The first part of this process increasingly used airmobile – helicopter borne – troops as the Air Corps’ number of helicopters itself began to increase with the introduction of extra AW139s. Referenced in this account is the purchase order that had been made for the much bigger Chinook helicopters which could drop into battle an entire platoon of troops using the same number of pilots and crew as an AW139. This order was almost suspended after the loss of Wolf 2 and the risk of losing so many people in one go became less theoretical and much more real. Nevertheless, with the lead time to train pilots and technicians being so long, the ability to move more people at once was undoubtedly required and with the addition of defensive aides – flare dispensers and infra red jammers to distract heat seeking missiles – the heavy lift helicopter order was continued.

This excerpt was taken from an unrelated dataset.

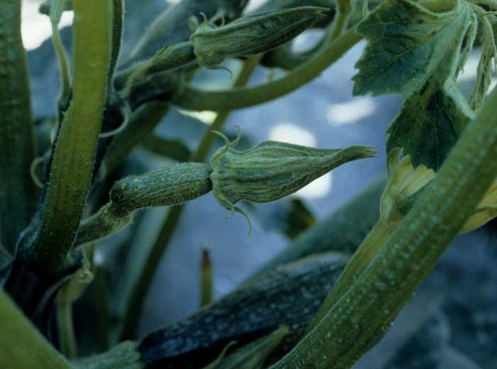 The symptoms on fruits are also very spectacular: discoloration particularly marked on varieties with yellow fruits, and above all significant blisters which completely deform courgettes (figures 8 to 10) and squash (figures 12 and 13). The fruits are of course not salable, and crop loss can be complete with early infection.
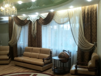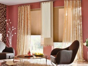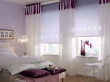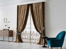 بالإضافة إلى اللمبريكين المحدث ، في أعقاب الشعبية ، فإن قرار التصميم للجمع بين أنواع مختلفة من الستائر ينجرف. لذلك ، يمكنك الجمع بين الستائر الكلاسيكية والستائر الدوارة. ستؤكد الستائر الكلاسيكية المستقيمة على البساطة الصارمة للستائر الدوارة. لا يمكنك الجمع بين الأنماط المختلفة فحسب ، بل يمكنك أيضًا الجمع بين الألوان والأقمشة والقوام المختلفة.

The follow up part of the process, occupying and clearing an area depended mainly on mobile troops travelling in MOWAG Piranha armoured personnel carriers. These too were increasingly upgraded as the conflict progressed and their vulnerability to IEDS and rocket launchers became apparent. Simple measures such as bar armour – a metal frame designed to detonate incoming weapons warhead outside the hull rather than inside it could have saved lives in the Cooleys, with one vehicle and crew having been lost to an RPG that had been turned into an IED. It was buried into the top of an earth bank, on the side of a track leading into the hills and was detonated by remote command. The rocket struck the vehicle in the flank, penetrated its hull and killed the driver and commander. The fact that it would have been worse if the APC had been full of troops at the time was little consolation.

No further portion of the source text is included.